Carols in the Domain is an annual Australian Christmas concert event held in the Domain Gardens in Sydney. It began in 1983, and features many national and international performers and guest appearances. It a free event, broadcast around Australia on the Seven Network, and simulcast on Smooth FM. The event was held on the last Saturday before Christmas Eve until 2015; and has been held on the last Sunday before Christmas Eve since 2016. Carols in the Domain has become one of Australia's largest free Christmas events.

History
Carols in the Domain was started in 1983 by former Qantas employee Robyn Anne Hobbs, who observed Christmas carol events in Australia and wanted to develop one for Sydney. In an article in The Sydney Morning Herald, she said "I suppose I started Carols in the Domain from a purely selfish point of view because I'm an only child and Christmas and birthdays were always wonderful occasions to celebrate and yet Sydney didn't really have a major Christmas celebration." She chose The Salvation Army as the corresponding charity. The first Carols event in 1983 was attended by 15,000 people. Hosts of the event have included presenters of morning program Sunrise particularly David Koch and Natalie Barr who have co-presented on several occasions, previous presenters have also included Andrew Daddo (on seven occasions), Grant Denyer, (5 occasions), Kate Ritchie, (3 occasions) and Barry Crocker, on (3 occasions).
 
Hobbs was awarded an Order of Australia Medal (OAM – General Division) in 2009 for services to the community in founding Carols in the Domain and her fundraising efforts for the Salvation Army

The main sponsor is designated with naming rights. In 1989, the main sponsor was Esso.

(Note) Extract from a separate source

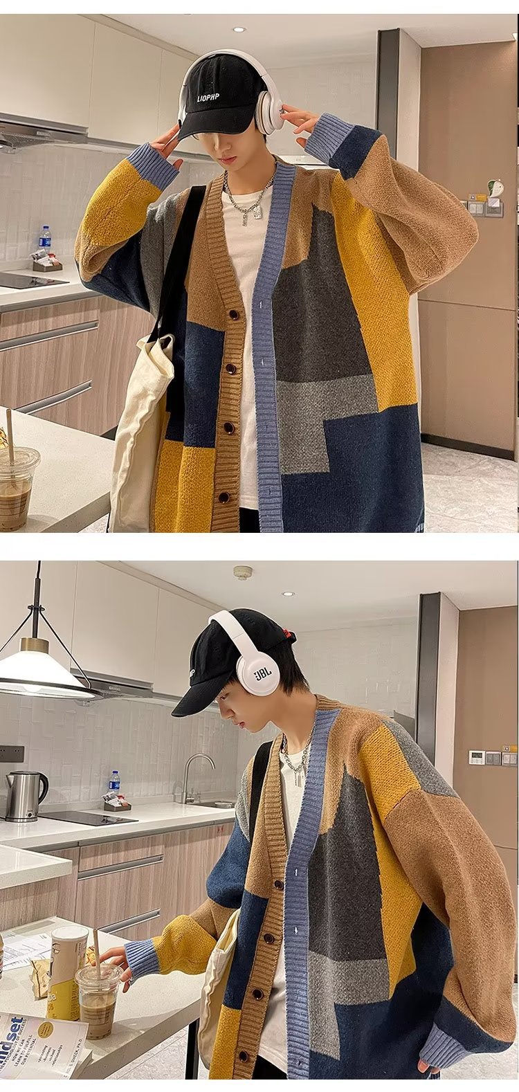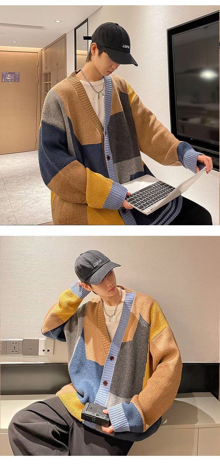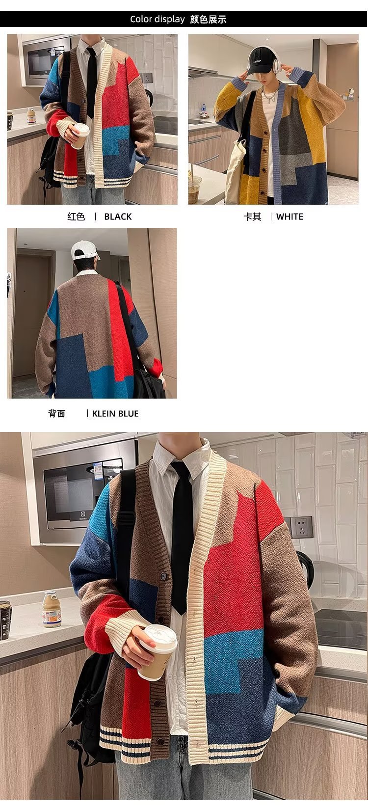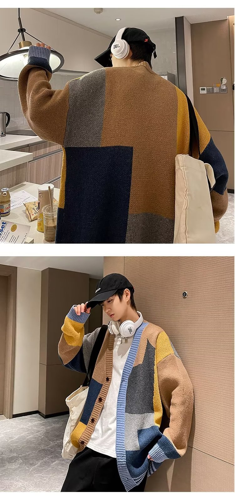 Khối Màu Cardigan Dệt Kim Áo Len Nam Plus Kích Thước Plus Kích Thước Hợp Thời Trang Mỡ Rời Áo Khoác Mùa Thu Cặp Đôi Lười Gió

In 1996, the main sponsor was Pacific Power, however, because the government had split up the company, they could not fund the sponsorship, but the state government stepped in to sponsor the event, pledging over AUS$300,000. The event was televised for the first time to New Zealand on TVNZ and Southeast Asia on Australia Television. The Sydney Morning Herald also became a sponsor for the event.

In 1997, the naming rights sponsor was RAMS Home Loans. In 2004, the event was called "The Good Guys Good Kid Carols in the Domain". In 2005, the naming rights were assumed to be The Good Guys again, but Woolworths acquired the naming rights and renamed the event to "Woolworths Carols in the Domain", and has retained the name since.
As a mark of respect, organisers of the 2014 Carols in the Domain considered cancelling the event because of the Martin Place siege which took place in Sydney earlier that week, but instead decided to hold it, on Saturday 20 December. The 2014 Carols attracted approximately 80,000 people, and also included a tribute to those killed during the siege. Mark Vincent opened the evening by singing You Raise Me Up in honour of the victims, and a minute silence was held.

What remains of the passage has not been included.